Contingent upon final approval of funding, we will have a postdoc position
available from Fall 1998 in the Center for Computational Matheamtics and
Applications of Penn State University (http://www.math.psu.edu/ccma/).
Applicants must have a strong background in numerical methods for partial
differential equations (especially finite element methods) and programming
experiences.  Good knowledge on multigrid methods is desirable.

Interested applicants should send application materials ASAP to

Professor Jinchao Xu
Department of Mathematics
Pennsylvania State University
University Park, PA 16802

Email applications (sent to xu@math.psu.edu) are encouraged.  Email message
may include application materials or a letter indicating an URL address for
accessing other detailed application materials.

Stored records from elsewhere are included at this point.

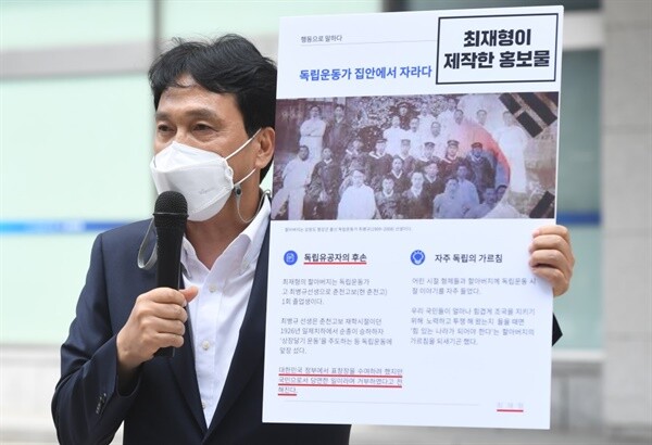 | ▲ <가짜 독립유공자 후손, 친일행적 최재형 후보 규탄 기자회견 (21.08.13)> ⓒ 안민석 |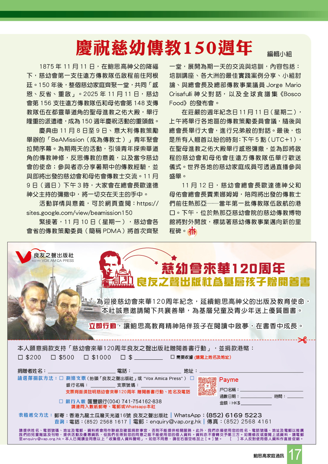 1875年11月11日,在鮑思高神父的降福下,慈幼會第一支傳教遠徵隊伍啟程前往阿根廷。150年後,整個慈幼會大家庭齊聚一堂,共同「感恩、反省、重啟」。2025年11月11日,慈幼會第156支傳教隊伍和聖母進教之佑孝女會第148支傳教隊伍在都靈華道角的聖母進教之佑大殿,舉行隆重的出發儀式,成為150週年慶祝活動的重頭戲。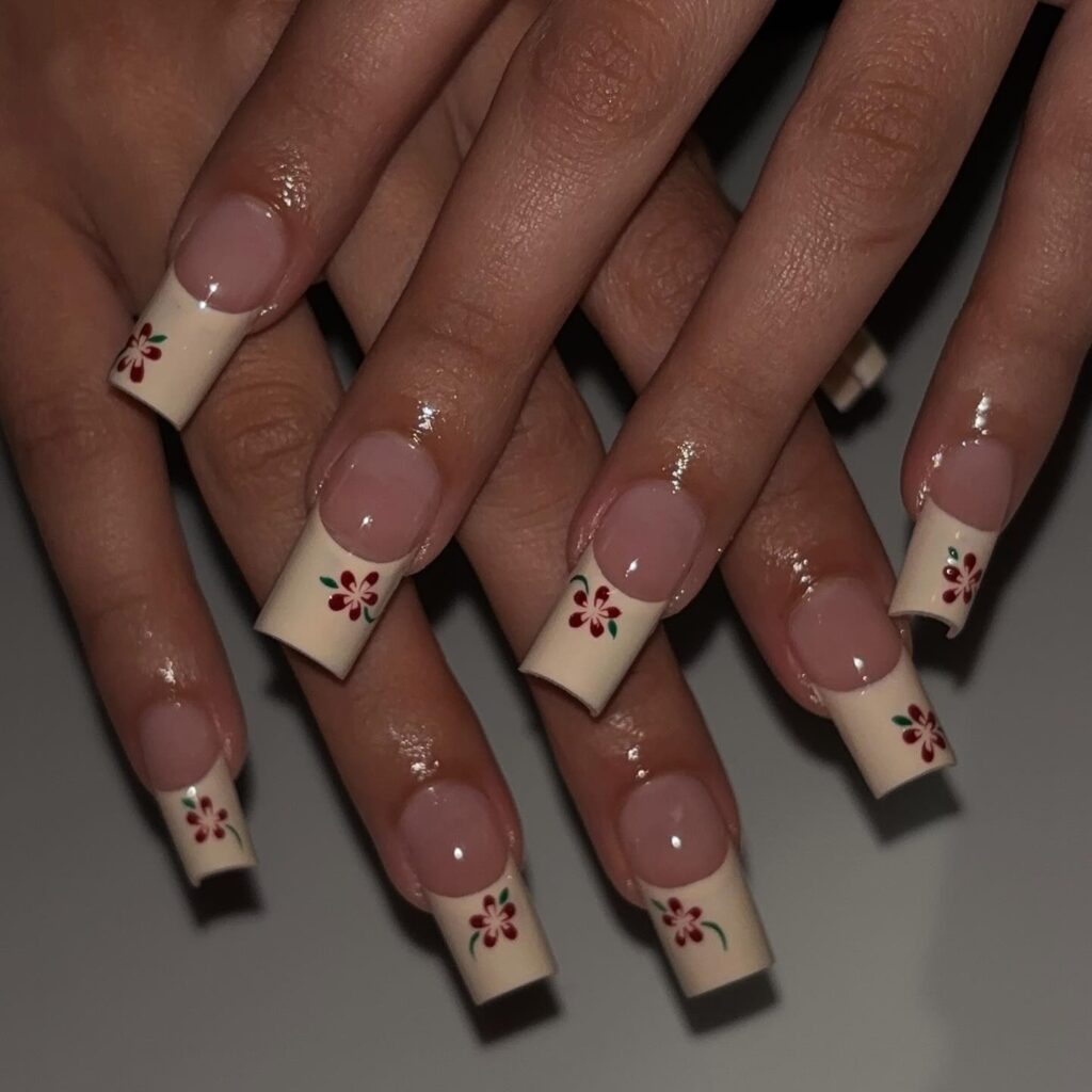 This design shows square nails with a nude base and soft cream French tips. Small floral nail art adds a cute and delicate touch to the overall manicure.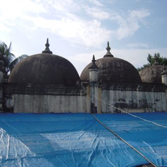 Cette mosquée du quinzième siècle présente trois dômes et illustre les éléments architecturaux de la période du Sultanat du Bengale près de la Route Nationale 17.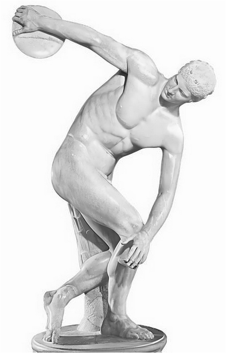 米隆作为雅典著名雕塑家,参加了大量运动会,观察体育运动员在竞技过程中的形体及瞬间动作,不断积累素材,记忆不同体态和身体结构特征及“美”的意识。

Penn State is an equal opportunity/affirmative action employer, and especially
encourages applications from women and minorities.

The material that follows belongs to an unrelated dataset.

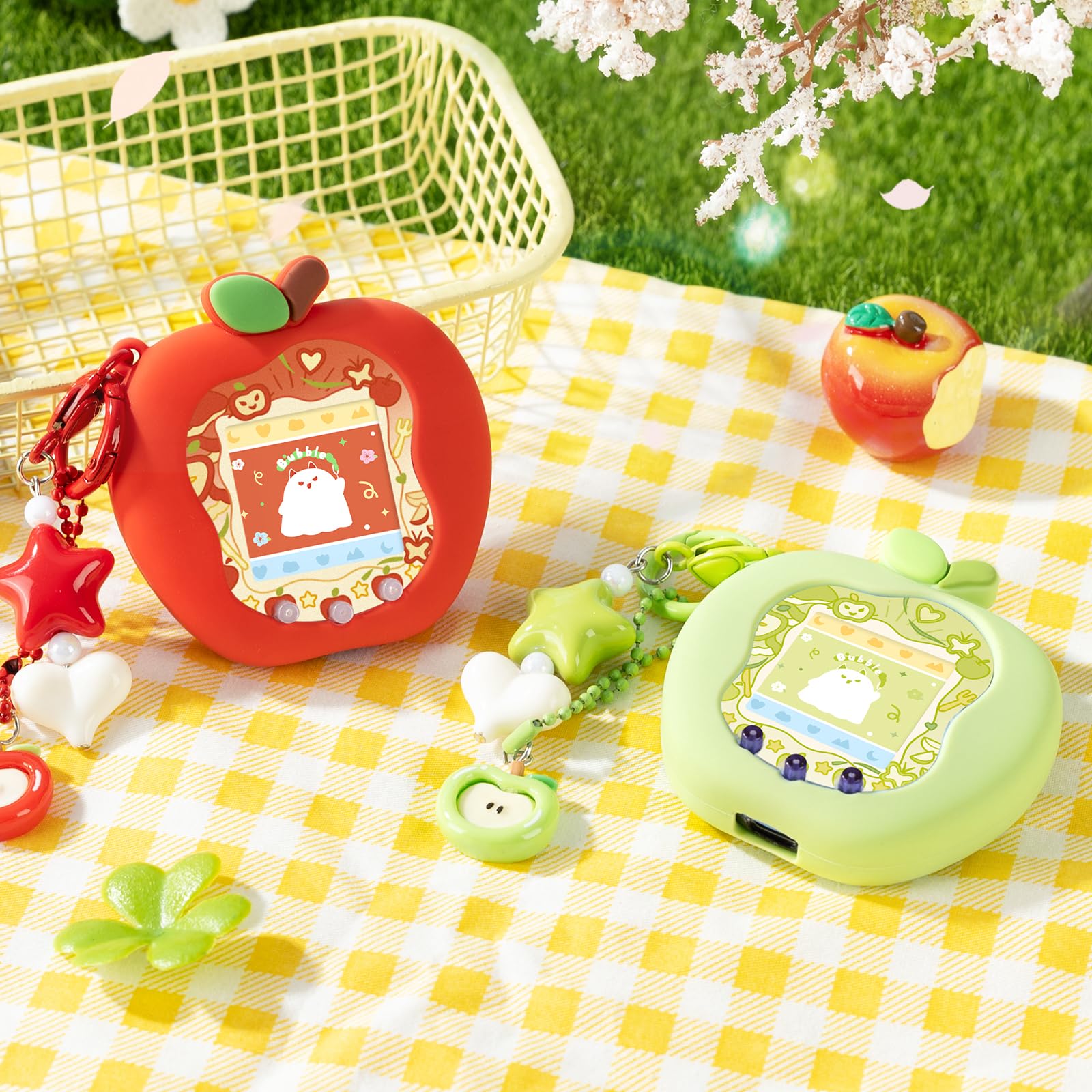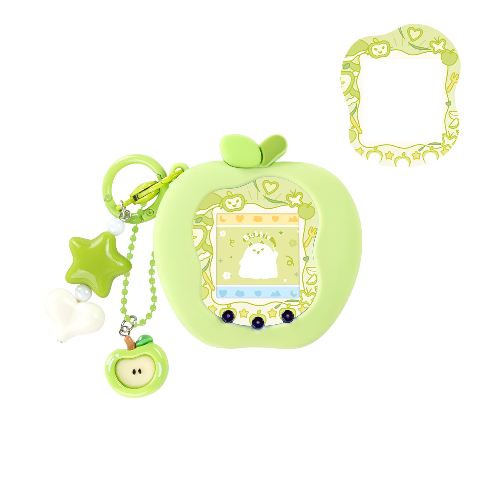 BUBBLELOGUS たまごっち uni カバー 柔らかい保護ケース チャーム&フェイスプレート付き シリコン製 かわいいスキン 落下防止 衝撃吸収 装着充電可能 Tamagotchi Uni 対応 りんごランド(みどり)

-------------------------------------------------------

Date: Mon, 6 Apr 1998 13:33:13 -0700 (PDT)
From: "Randolph E. Bank"
Subject: Pltmg8.0

PLTMG 8.0 is a package for solving elliptic partial differential equations in
general regions of the plane.  It is based on continuous piecewise linear
triangular finite elements, and features adaptive local mesh refinement,
multigraph iteration, and pseudo-arclength continuation options for parameter
dependencies.  The package includes an initial mesh generator and several
graphics packages.  Full documentation is provided in PLTMG:  A Software
Package for Solving Elliptic Partial Differential Equations - Users' Guide 8.0
(ISBN 0-89871-409-5), available from SIAM Publications.  PLTMG is provided as
Fortran (and a little C) source code, in both single and double precision
versions.  The included X-Windows GUI uses the default Athena Widget set, and
makes calls to standard library routines of the X-Windows system, which must
be loaded along with the PLTMG software.  PLTMG is available from Netlib and
MGNet.

Editor's Note: The previous version (7.2) is still on MGNet, but will be
-------------  deleted eventually.  You can find version 8.0 either in
www.mgnet.org/mgnet-codes.html or in mgnet/Codes/pltmg.

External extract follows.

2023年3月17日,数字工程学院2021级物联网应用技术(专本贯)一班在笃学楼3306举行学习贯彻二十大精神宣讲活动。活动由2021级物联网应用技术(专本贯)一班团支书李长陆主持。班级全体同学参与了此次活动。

-------------------------------------------------------

Date: Fri, 13 Mar 1998 15:51:16 -0500
From: ETNA
Subject: ETNA's Copper Mountain Proceedings.

The Editors of Electronic Transactions on Numerical Analysis, ETNA,
are proud to announce the publication of the Proceedings of the
Eighth Copper Mountain Conference on Multigrid Methods held April 6-11,
1997, at the Copper Mountain Resort in Colorado, as a special issue of ETNA .
This issue, Volume 6, contains 290 pages of 19 high-quality articles dealing
with multigrid and other multilevel techniques. ETNA can be found on the web
at URL http://etna.mcs.kent.edu. There is no charge to access ETNA, and all
ETNA articles are available in both PostScript and PDF formats.

-------------

Special Issue on Multilevel Methods

This is a special issue of ETNA on multilevel methods for numerical solution
of partial differential equations and other complex mathematical problems.
The papers here consist of results presented at the Eighth Copper Mountain
Conference on Multigrid Methods held April 6-11, 1997, at Copper Mountain
Resort in Colorado. There were 60 talks at the meeting, counting special
workshop and circus sessions, with about 100 attendees. To quote the MGNet
'Postcard' from Craig Douglas:

"For the first time in years, there were no parallel sessions for talks,
giving the conference the type of intimacy found in the GAMM parallel
multigrid workshops held in Germany for many years and most recently in
Austria. Two years ago there were many newcomers to the Copper Mountain
conference. Once again this was the case. In part this is due to the large
number of graduate students and fresh Ph.D.'s who have attended both
conferences."

The conference series continues to reflect the maturation of the multigrid
field. There were many talks on basic theory and algorithms, important
practical applications, parallelization, and other computational issues. The
papers in this special issue illustrate this evolution, but they also
suggested the seemingly endless number of research questions that remain.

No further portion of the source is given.